JPH05256104A - Turbine housing - Google Patents

Abstract

PURPOSE:To improve thermal shock resistance and mechanical shock resistance, and also improve durability. CONSTITUTION:A liner 3 made of, at least either one of reinforced fiber or metal, and a ceramic compound material including ceramics, is provided in a casing 2 made of metal. A turbine housing 1 is formed in such a way that heat resistant coating 4 made of the compound of oxide, carbide, nitride, etc., that are components for composing the ceramic compound material.

Description

Detailed Description of the Invention

[0001]

BACKGROUND OF THE INVENTION 1. Field of the Invention The present invention relates to a turbine housing used to identify the flow of a fluid by enclosing the turbine and confining the fluid.

[0002]

2. Description of the Related Art As a turbine housing of this type,
Those made of ceramics (for example, actual development 59-73
No. 503, No. 60-178307, and the inside of the turbine housing covered with a heat insulating material (for example, No. 62-10239, No. 63-108674).
No.) or a ceramic casing having a heat insulating layer inside which is made of foamed ceramic, fibrous or acicular ceramics to improve the heat insulating property (for example, Japanese Utility Model Publication No. 62-29402, Japanese Utility Model Publication No. 62-183003). Alternatively, a metal casing in which fiber reinforced ceramics or SiC, Si ₃ N ₄ is used (for example, Japanese Utility Model Publication No. 63-17802), or an outside which is covered with a heat insulating material (for example, Japanese Utility Model Publication No. -102
No. 39).

[0003]

However, in the case where the turbine housing is made of ceramics, there are problems that it is weak against mechanical shock and inferior to thermal shock, and the inside of the turbine housing is made of a heat insulating material. In the case of coating with, there is a problem that peeling may occur in the heat insulating material due to repeated thermal shock, or cracks or damage may occur due to the difference in thermal expansion coefficient. The technology has the problem that when a thermal shock is applied, it may crack or break due to the difference in coefficient of thermal expansion, and it may also break due to a mechanical shock. Therefore, it has been a problem to solve such a problem.

[0004]

SUMMARY OF THE INVENTION The present invention has been made in view of the above-mentioned conventional problems, and is less likely to cause cracking or damage due to the difference in coefficient of thermal expansion even when a thermal shock is applied. It is an object of the present invention to provide a turbine housing which is excellent in thermal shock resistance and is also excellent in durability capable of sufficiently resisting mechanical shock such as foreign matter flying or vibration.

[0005]

In a turbine housing according to the present invention, a liner made of a ceramic composite material containing ceramics and either or both of a reinforcing fiber and a metal is provided inside a metal casing. It is characterized in that a heat-resistant coating made of a compound such as an oxide, a carbide or a nitride which is a component of the ceramic composite material is formed on the surface of the liner.

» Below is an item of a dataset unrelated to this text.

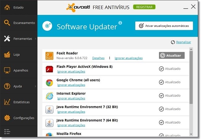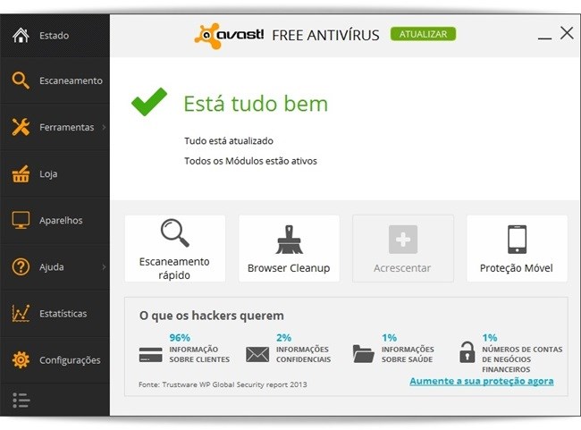 Além de ter o seu visual renovado, o aplicativo ganhou novos recursos para proteger você enquanto navega pela web, menor tempo na atualização da lista de vírus e mecanismo para restauração do sistema operacional — isso sem falar que ele está ainda mais veloz. Aparência renovadaDe cara, a primeira novidade que você vai notar no Avast! Free Antivirus 2014 é a sua interface totalmente reformulada. Com um menu monocromático à esquerda, você vai localizar tudo de forma mais “tradicional”, digamos assim, com o conteúdo de cada categoria sendo exibido no restante da tela. A estrutura geral do antivírus também mudou. Apesar de não ter eliminado nenhuma funcionalidade, o aplicativo “enxugou” a quantidade de módulos disponíveis, visando que a sua interação com as funções oferecidas aconteça da forma mais simplificada possível.

In an embodiment of the turbine housing according to the present invention, a liner made of a ceramic composite material in which a metal is permeated in a molten state between ceramic particles is provided inside a metal casing, and the liner surface is provided with an oxidizing atmosphere. By heating inside, a heat resistant coating made of an oxide of a component that constitutes the ceramic composite material can be formed on the surface of the liner.

In another embodiment of the turbine housing according to the present invention, a liner made of a ceramic composite material in which a ceramic is reinforced by reinforcing fibers is provided inside a metal casing, and a vapor deposition method is provided on the surface of the liner. For example, a heat resistant coating made of oxides, carbides, nitrides, etc. of the constituents of the ceramic composite material can be formed.

[0008]

The turbine housing according to the present invention comprises:
With the above-mentioned configuration, the heat resistant coating is formed on the inside of the liner, so that the liner is not directly subjected to thermal shock, and the heat resistant coating is formed to protect the liner from thermal shock. As a result, the possibility that the liner will crack or break will be less than before.

Further, since the heat resistant coating is made of compounds such as oxides, carbides and nitrides which are constituents of the ceramic composite material which is the liner, the adhesion between the heat resistant coating and the liner becomes strong. The heat resistant coating is hard to peel off, and the turbine housing has excellent durability.

[0010]

【Example】

(Embodiment 1) FIG. 1 and FIG. 2 show Embodiment 1 of a turbine housing according to the present invention. This turbine housing 1 has a metal casing 2 inside a silicon carbide (SiC) and alumina. Aluminum (A ₂ O ₃ ) in a molten state between particles of ceramics (A ₂ O ₃ )
l) Permeated ceramic composite material (SiC ・ Al
₂ O ₃ / Al) is provided on the surface of the liner 3, and mullite (3Al ₂ O ₃ .2SiO ₂ ) which is an oxide-based composite compound of Al and Si which are components of the ceramic composite material is provided on the surface of the liner 3. The heat resistant coating 4 is formed.

In this turbine housing 1, as the metal casing 2, high silicon ductile cast iron is used.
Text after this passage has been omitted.